Puede que durante la semana, entre el asunto de Gibraltar, la penúltima astracanada de Trump y los siempre aparatosos Presupuestos Generales del Estado les haya pasado desapercibida esta noticia. Es normal, quizás haya demasiado ruido. Y sin embargo se trata de uno de los hechos más relevantes de la vida reciente de este país, un auténtico game changer, como dicen en Estados Unidos. Hablo del desarme de ETA. Hablo del fin -ahora sí- del terror.
Para mí, que me crie durante los ochenta y los noventa, los asesinatos de ETA fueron la banda sonora de mi preadolescencia mientras crecía cruzando aquellos años de plomo. Aunque no tenía edad suficiente para captar todos los detalles, si que recuerdo el dolor, el espeso manto gris del miedo y sobre todo la coraza social que se iba creando para protegerse de aquel veneno de destilación lenta.

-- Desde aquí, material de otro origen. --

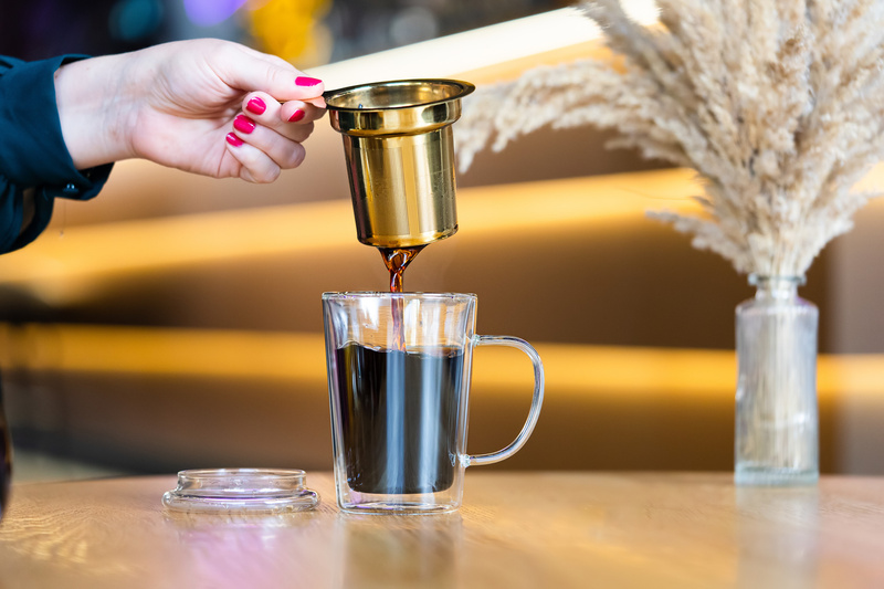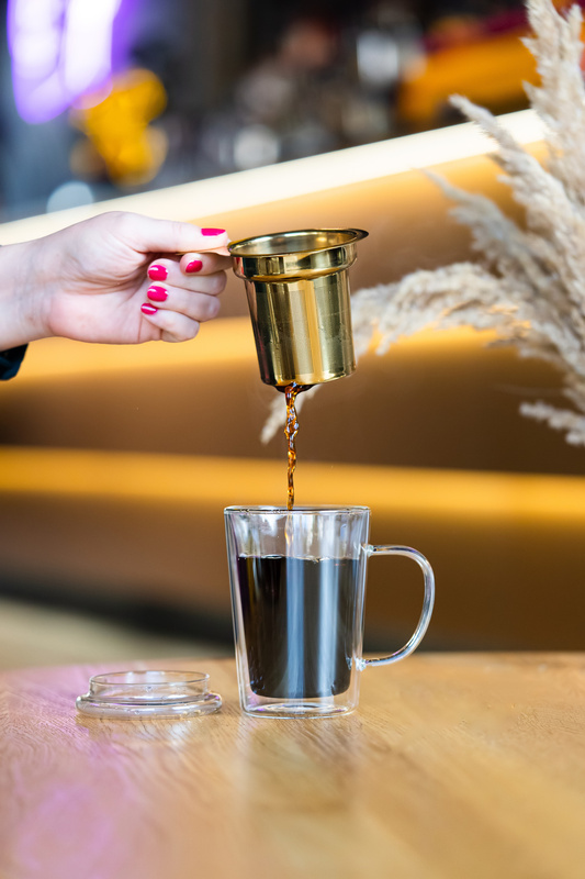 Część zaparzająca zatrzymuje fusy w środku, pozostawiając klarowną herbatę w szklance.

También recuerdo a mi padre, alcalde por entonces de un pequeño ayuntamiento rural, mirando los bajos de su coche algunas mañanas, después de un discreto recado de la policía. Recuerdo el punto de inflexión del asesinato de Miguel Ángel Blanco, cuando ETA cruzó un Rubicón que resultó ser demasiado ancho para la banda y se ahogó socialmente en el intento. Recuerdo, en fin, todos los golpes policiales que finalmente acabaron con lo que un día fue una de las bandas terroristas más poderosas de Europa y la transformó en una tropa deshilachada y mal armada, que invertía más tiempo en huir que en matar y aún así, seguía siendo peligrosa.
Esta noticia llega demasiado tarde y quizás por eso ya no es noticia. ETA fue aplastada, social y policialmente, hace mucho tiempo. Su derrota ha sido estruendosa en todos los frentes: ni han conseguido sus objetivos políticos, ni la amnistía de sus presos y ni siquiera un lugar en la historia. A diferencia de sus sanguinarios primos irlandeses del IRA, que supieron bajarse del carrusel a tiempo y por ello encontraron su sitio y el camino de la reconciliación, ETA se ha podrido en el árbol, demasiado enfrascada en sacudirlo para que otros cogieran los frutos.
Ahora llega el final, amargo y a destiempo, cuando ya no es noticia para nadie. La banda, que no mata desde la tregua que decretaron hace años (y que en gran medida fue obligada porque cada vez le resultaba más complicado actuar, dada la efectiva acción policial) se rinde, de la misma manera que lo hizo Hiro Onoda, aquel teniente del Ejército Imperial japonés que entregó las armas en 1974 sin saber que la guerra había acabado treinta años antes.
Como el japonés, los miembros de ETA llegan tarde a la historia. Solo el tiempo y el perdón de las víctimas, si es que se atreven a pedírselo, podrán absolverlos.